L’enquête du parquet de Versailles doit être exemplaire — transparente, rapide. Les faits sont suffisamment graves pour que l’institution policière fasse son introspection. Mais en attendant, le silence persiste. Les collègues accusés sont-ils toujours en poste ? Les auditions ont-elles commencé ? Le policier victime a-t-il un avocat ? Le Dossier a tenté d’obtenir des informations auprès du parquet. Pas de réponse. Auprès de la préfecture de police des Yvelines. Silence radio. Auprès du ministère de l’Intérieur, un porte-parole a indiqué que « l’affaire est en cours d’examen ». Rien de plus.

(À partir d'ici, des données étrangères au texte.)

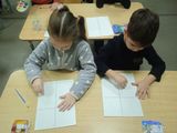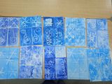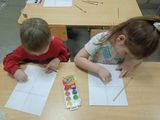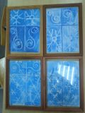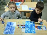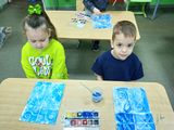 Затем ребята перешли к практической части: они нарисовали узоры с использованием нетрадиционной техники рисования восковыми мелками, с последующим раскрашиванием фона голубой и синей акварелью.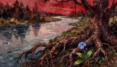 – Umělecká zobrazení řek zahalených v mlze.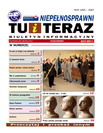 ISSN 1895 – 4987 NIEPEŁNOSPRAWNI TU i TERAZ B I U L E T Y N I N F O R M A C Y J N Y PAŹDZIERNIK EGZEMPLARZ BEZPŁATNY 2/41/2011 W NUMERZE: O nas w kraju i na świecie strona Z naszych stron 2 strona 3 Nasze prawo, nasze prawa strona 5 My w popkulturze strona 6 (Nie)zwykłe życie strona 8 Nowinki medyczne strona 10 W świecie paragrafów strona 18 Nasz Partner strona 19 strona 23 strona 24 Nasze sprawy Kultura Przeczytaj Fot. E. Gronostaj 10 lat minęło jak... 2 dni strona 12 Przez sztukę poznaje świat strona 20 i przekaż innym O nas w kraju i na świecie JAK NIETOPERZ Mieszkający w Kalifornii Daniel Kish nie widzi, a mimo to sprawnie jeździ na rowerze. Nauczył się sztuki, którą opanowały delfiny i nietoperze, zwanej echolokacją. Wydaje dźwięki przypominające klikanie. Na podstawie ich echa potrafi rozpoznać co go otacza. Umie rozróżnić budynki, drzewa, kolumny, nawet dostrzec balkony. Zdobytych umiejętności nie trzyma w tajemnicy, lecz uczy innych. Jego zamiarem jest rzucanie wyzwań każdemu ograniczeniu, jakie ludzie sami na siebie nakładają. PIES DLA NIEDOSŁYSZĄCYCH Labrador Pefo jest pierwszym w Polsce psem pomagającym osobie z niepełnosprawnością narządu słuchu. Sygnalizuje określone dźwięki, takie jak pukanie, dzwonek do drzwi, budzik czy sygnały alarmowe. Poinformuje też właściciela, gdy ktoś go zawoła. Potrafi wezwać pomoc w sytuacji kryzysowej, kiedy jego opiekun źle się poczuje, a także przyniesie telefon, gdy usłyszy dźwięk przychodzącego SMS. Psa wyszkoliła Fundacji DOGIQ. DŹWIĘKOWA TABLICA MENDELEJEWA Układ okresowy pierwiastków, czyli tablica Mendelejewa to coś, z czym osoby widzące spotykają się niemal na co dzień. Dla niewidzących jest jednak niedostępna. Stąd w Polskim Radiu Rzeszów zrodził się pomysł „pokazania” układu okresowego dźwiękami. Na tablicy znajdzie się 112 pierwiastków. Informacje o każdym z nich przeczyta lektor, a w ich rolach wystąpią dziennikarze. Będą podawać polską i łacińską nazwę, symbol, a także liczbę i masę atomową oraz gęstość. Pierwiastki będące metalami wyczytywać ma mężczyzna, a niemetale – kobieta. Szum powietrza, plusk wody lub stukot poinformują czy dany pierwiastek jest gazem, cieczą, czy ciałem stałym. Układ będzie dostępny na stronie audycji Radiolatorium Radia Rzeszów. NIEWIDOMI ZA KÓŁKIEM Trzydziestu niewidomych i niedowidzących wzięło udział w jazdach próbnych, zorganizowanych na torze testowym przy centrum projektowania samochodów Forda w Merkenich w Niemczech, udowadniając, że nie ma rzeczy niemożliwych. Z pomocą profesjonalnych instruktorów członkowie grupy mogli doświadczyć szybkiej jazdy zarówno na prostym odcinku drogi, osiągając nawet 120 km/h, jak również na zakrętach. Oprócz dostarczenia niezapomnianych przeżyć, spotkanie miało także pomóc niewidomym zrozumieć mechanizm działania samochodów w ruchu ulicznym, aby ułatwić im funkcjonowanie na co dzień. Osoby z zaburzeniami widzenia orientują się bowiem w otoczeniu na podstawie usłyszanych dźwięków, jednak często trudno im ocenić rozmiary auta i jego prędkość. Po zakończeniu kursu instruktorzy przyznali, że niewidomi radzą sobie lepiej w niektórych sytuacjach za kółkiem, niż kursanci bez wady wzroku. Opracował GEL NIEPEŁNOSPRAWNI TU i TERAZ B I U L E T Y N I N F O R M A C Y J N Y DOFINANSOWANY ZE ŚRODKÓW PFRON Wydawca: Karkonoski Sejmik Osób Niepełnosprawnych Partner: Stowarzyszenie „Działajmy Razem” – TRIANON PL Redaktor naczelna: Justyna Bytnar, stale współpracują Andrzej Grzelak, Agnieszka Turakiewicz, Ewa Domańska. Adres wydawcy i redakcji: 58-500 Jelenia Góra, ul. Osiedle Robotnicze 47A, tel.: 75 75 242 54, tel./fax 75 75 231 83, e-mail: [email protected] • www.kson.pl Skład i druk: AD REM, 58-500 Jelenia Góra, ul. Okrzei 12, tel. 75 75 222 15 Nakład 2500 egz. Redakcja nie zwraca materiałów nie zamówionych oraz zastrzega sobie prawo do skracania i redakcyjnego opracowania materiałów przyjętych do druku. 2 TU i TERAZ Z naszych stron CO W KSON-ie PISZCZY…? W czerwcu br. Sejmik przystąpił do realizacji kolejnego zadania publicznego z zakresu rehabilitacji zawodowej i społecznej osób niepełnosprawnych. Jest ono swoistym wstępem i narzędziem diagnostycznym, które zamierzamy wykorzystać w przyszłości przy realizacji programu – trener pracy. Do udziału w zadaniu zaproszono osoby zainteresowane znalezieniem zatrudnienia zamieszkałe na terenie miasta Jelenia Góra, a także w innych miejscowościach województwa dolnośląskiego. Środki finansowe w wysokości 30000,00 zł. pozyskano z budżetu PFRON, a wkład własny finansowy Sejmiku wynosi 4900,00 zł. W ramach działań promocyjno-rekrutacyjnych rozdystrybuowano 200 szt. broszur informacyjnych, 30 plakatów oraz wyemitowano 3 ogłoszenia prasowe w „Nowinach Jeleniogórskich”. Do udziału w zadaniu ostatecznie zaproszono 41 osób niepełnosprawnych o różnym rodzaju i stopniu niepełnosprawności. W ramach zadania zrealizowano już warsztaty psychologiczne i warsztaty grupowego poradnictwa zawodowego (lipiec – wrzesień). Celem warsztatów jest wypracowanie pozytywnego i adekwatnego do możliwości psychofizycznych poczucia własnej wartości oraz wzrost świadomości własnych kompetencji, a w konsekwencji przygotowanie uczestników do udanego powrotu (wejścia) na rynek pracy. Uczestnicy warsztatów biorą udział w spotkaniach grupy wsparcia, która jest podstawowym czynnikiem wspomagającym aktywność społeczną i zawodową, gdyż powodem niskiej aktywności zawodowej jest nie tylko niewystarczający system aktywizacji zawodowej i pomocy społecznej, lecz także zakorzeniony w tych osobach brak wiary we własne siły i częste nieradzenie sobie w zwykłych kontaktach społecznych. Oprócz spotkań warsztatowych uczestnicy we własnym zakresie organizują wycieczki, ogniska i inne imprezy okolicznościowe. Nowo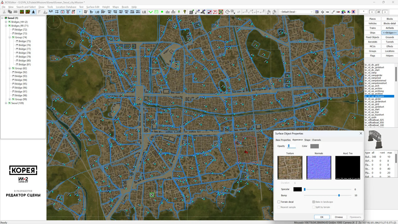 Дороги и населённые пункты, по тем же причинам, воссоздаются заново и полностью вручную - планировка городов и дорожной сети за 70 лет изменилась до неузнаваемости. Вся эта огромная работа сейчас уже подходит к своему завершению и вскоре мы полностью сосредоточимся на создании сцен аэродромов и городов. В составе дорожной сети уже установлено более 1460 мостов, а скоро мы приступим к задаче расстановки на карте нового для нас типа объектов - работоспособных туннелей».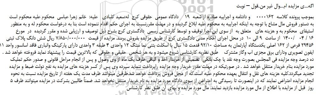 بموجب پرونده کلاسه 0000162 و دادنامه و اجراییه صادره از شعبه 19 دادگاه عمومی حقوقی کرج له:سعید کلبادی علیه: خانم زهرا عباسی محکوم علیه محکوم است به دستور فروش مال مشاع با توجه به اینکه اجراییه به محکوم علیه ابلاغ گردیده و در مهلت مقررنسبت به اجرای حکم اقدام ننموده است بنا به درخواست محکوم له و به منظور استیفای محکوم به و هزینه های متعلق به از سوی این اجرا توقیف و توسط کارشناس رسمی دادگستری کرج بشرح ذیل توصیف و ارزیابی شده و مقرر گردیده در مورخ 16 / 04 /1400 از ساعت 9 الی 10 در محل اجرای احکام مدنی دادگستری کرج از طریق مزایده بفروش برسد. مزایده از قیمت 7/850/000/000 ریال شش دانگ پلاک ثبتی 29456 فرعی از 162 اصلی یکدستگاه آپارتمان به مساحت 92/10 قدمت 15 سال با اسکلت بتنی نما سنگ 12 واحدی 4 طبقه 3 واحدی دارای پارکینگ وانباری فاقد اسانسور واحد 11 ایفون تصویری ودارای برق مجزی اب وگاز مشترک طبق نظریه کارشناسی شروع میشود و به هر شخص حقیقی و حقوقی که بالاترین قیمت را پیشنهاد نماید فروخته خواهد شد . ده درصد وجه مزایده فی المجلس بصورت وجه نقد یا چک بانکی تضمینی از خریدار اخذ و الباقی ظرف یک ماه از وی وصول و پس از انجام مراحل قانونی و صدور حکم تملیک مورد مزایده بنام خریدار منتقل خواهد شد . در صورتیکه در مهلت مقرر خریدار وجه مزایده راپرداخت ننماید سپرده وی پس از کسر هزینه های مزایده به نفع دولت ضبط و مزایده تجدید میگردد.کلیه هزینه های نقل و انتقال بعهده محکوم علیه است.که از محل فروش پرداخت خواهد شد.طرفین میتوانند ظرف مدت یک هفته از تاریخ مزایده نسبت به نحوه انجام مزایده اعتراض نمایند که در اینصورت تا رسیدگی به اعتراض از سوی دادگاه مورد مزایده به نام خریدار منتقل نخواهد شد. ضمناً طالبین بشرکت در مزایده میتوانند ظرف 5 روز قبل از مزایده با اطلاع از مال مورد مزایده بازدید نمایند. مال مورد مزایده و بهای آن طبق نظر کارشناس
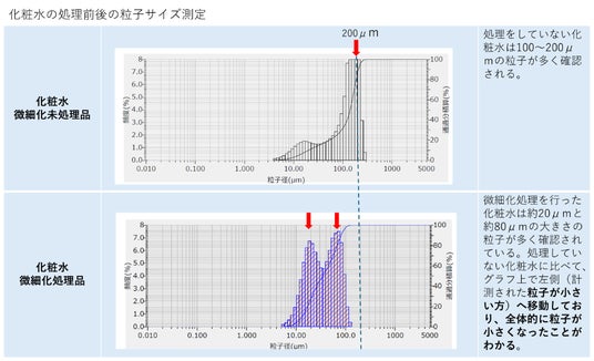 実測データが証明する 「微細化」の成果粒子径分布の測定において、従来の製法では100~200µmであった粒子が、本製法を用いることで約20µmおよび約80µmのサイズへ大きく移動し、全体的に粒子が微細化されていることが確認されました。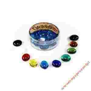Zestaw szklanych znaczników. Zapakowany w okrągłe plastikowe pudełeczko. W zestawie 22 - 25 znaczników.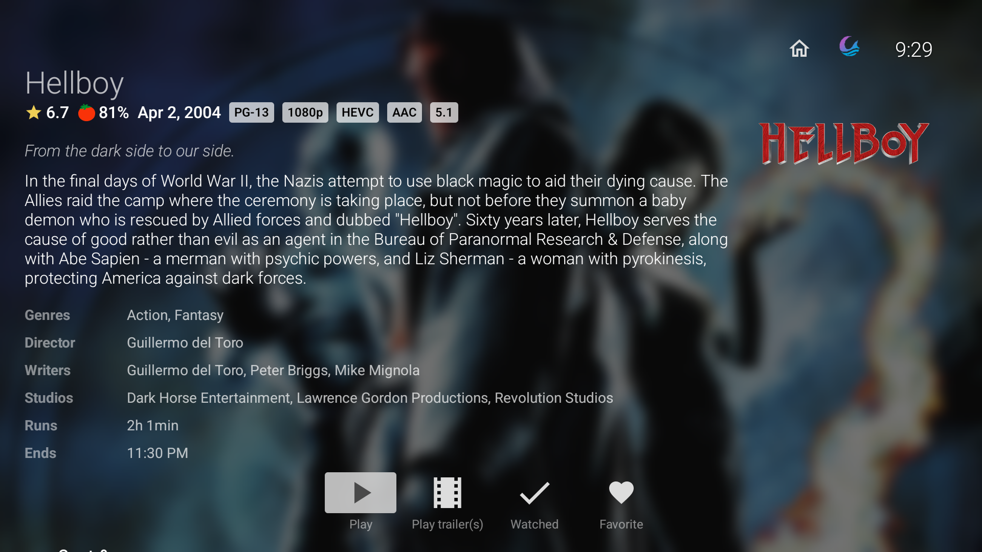 - Clear metadata sections: genres, directors, writers, studios, runtime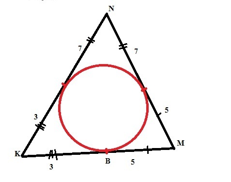 в треугольник КМN вписана окружность. Точка касания окружности со стороной КМ делит её на отрезки КВ=3 и ВМ=5 сторона МN равна 12. Найдите длину стороны КN.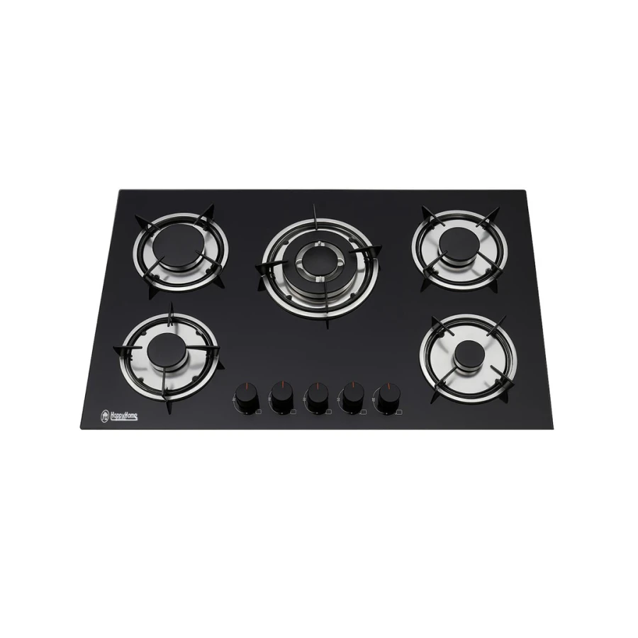 HappyHome 5-Burner Built-In Gas Stove – Black Glass, Auto Ignition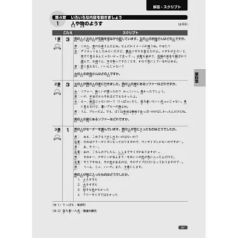 藉由不同的「場合」和「角色關係」,掌握各類型會話的聽解技巧,並且擴充常見的主題及關鍵字,例如電話溝通、氣象預報、店員服務用語,都有固定的表達方式。

Ne nous laissons pas berner. Dans une démocratie, une affaire de racisme au sein même des forces de l’ordre ne peut pas être traitée par le silence. Les policiers sont les premiers défenseurs de la loi. S’ils la violent, insultent, discriminent, ils trahissent leur mission. Il faut des noms, des sanctions, une enquête indépendante. Pas une enquête interne qui finira aux oubliettes. Regardons les faits. Un homme a été traité de « singe » par ses collègues, dans les Yvelines. Le parquet de Versailles enquête. Et nous, on attend, on compte les jours, les preuves, les silences. L’affaire est entre les mains de la justice. Mais la justice, c’est aussi celle qui juge les juges. Et les policiers.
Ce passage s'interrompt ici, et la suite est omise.